# Anal Gland Issues, shopping for new food...



## CarolinaCasey (Jun 1, 2007)

:yuck: My little man smells like anal glands. It has been going on for about 4 weeks, not noticable from a distance but ick! He is eating 2.25 cups of Taste of the Wild, Salmon everyday. Other than this issue, he is doing exceptional on the food. Gibbs eats with gusto, has bright eyes, shiny fur, and has lots of energy. I know that he *shouldn't* be having these issues at this early age. 

For the last week or two, I have been giving 2-3 tbsp of canned pumpkin to help firm his poop even further. I haven't noticed an improvement in his smelliness and I shouldn't have to add anything to his kibble. I have to admit, I don't think his stools are too soft. Once in a while, he will have a soft bowel movement if he's had a bully stick or marrow bone. However, those treats are few and far between. Gibbs doesn't have an anal gland abcess or other medical problem causing this. I believe it is a food/fiber issue. I visited the local pet food store and was contemplating a food with "good" grains to help the smell. 

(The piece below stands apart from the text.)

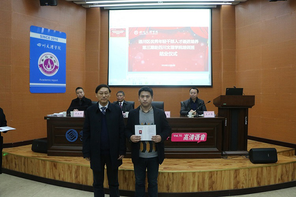 12月24日,通川区优秀年轻人才递进培养第三期赴pp电子官方网站培训班顺利完成十天的学习任务,在学校莲湖校区举办结业典礼。党委书记王洪辉、校长王成端、通川区委组织部副部长任晓军出席典礼,校地合作处处长王小奎主持仪式。

I'm thinking about Acana Lamb & Apple, Fromm, or maybe just another variety of TOTW (grainfree). Thoughts? Tips? HELP!:


----------



## Penny & Maggie's Mom (Oct 4, 2007)

If he's doing well on the food otherwise, I'd try some of the Digestive Enhancer.... enzymes and probiotics are good for the entire GI system.


----------



## Pointgold (Jun 6, 2007)

CarolinaCasey said:


> :yuck: My little man smells like anal glands. It has been going on for about 4 weeks, not noticable from a distance but ick! He is eating 2.25 cups of Taste of the Wild, Salmon everyday. Other than this issue, he is doing exceptional on the food. Gibbs eats with gusto, has bright eyes, shiny fur, and has lots of energy. I know that he *shouldn't* be having these issues at this early age.
> 
> For the last week or two, I have been giving 2-3 tbsp of canned pumpkin to help firm his poop even further. I haven't noticed an improvement in his smelliness and I shouldn't have to add anything to his kibble. I have to admit, I don't think his stools are too soft. Once in a while, he will have a soft bowel movement if he's had a bully stick or marrow bone. However, those treats are few and far between. Gibbs doesn't have an anal gland abcess or other medical problem causing this. I believe it is a food/fiber issue. I visited the local pet food store and was contemplating a food with "good" grains to help the smell.
> 
> I'm thinking about Acana Lamb & Apple, Fromm, or maybe just another variety of TOTW (grainfree). Thoughts? Tips? HELP!:


 
Every dog I have ever been around that is fed TOTW smells like fish to me. I have a pal who recently switched from that food to (I can hear the groans now...) ProPlan - mixing 1/2 Performance and 1/2 Sensitive Stomach. The dog looks better already, there is no odor, and she's saving a ton of money.
I feed ProPlan Performance, and add only Digestive Enhancer. No anal gland issues, no stench, great coat, healthy, active dogs.


----------



## Pointgold (Jun 6, 2007)

BTW, in an article about pano written by a vet, TOTW was actually mentioned - as a food not to feed...


----------



## RedDogs (Jan 30, 2010)

Have you had his anal glands expressed? My dog needed it done as a puppy once...and since then no problems.


----------



## CarolinaCasey (Jun 1, 2007)

Pointgold said:


> Every dog I have ever been around that is fed TOTW smells like fish to me. I have a pal who recently switched from that food to (I can hear the groans now...) ProPlan - mixing 1/2 Performance and 1/2 Sensitive Stomach. The dog looks better already, there is no odor, and she's saving a ton of money.
> I feed ProPlan Performance, and add only Digestive Enhancer. No anal gland issues, no stench, great coat, healthy, active dogs.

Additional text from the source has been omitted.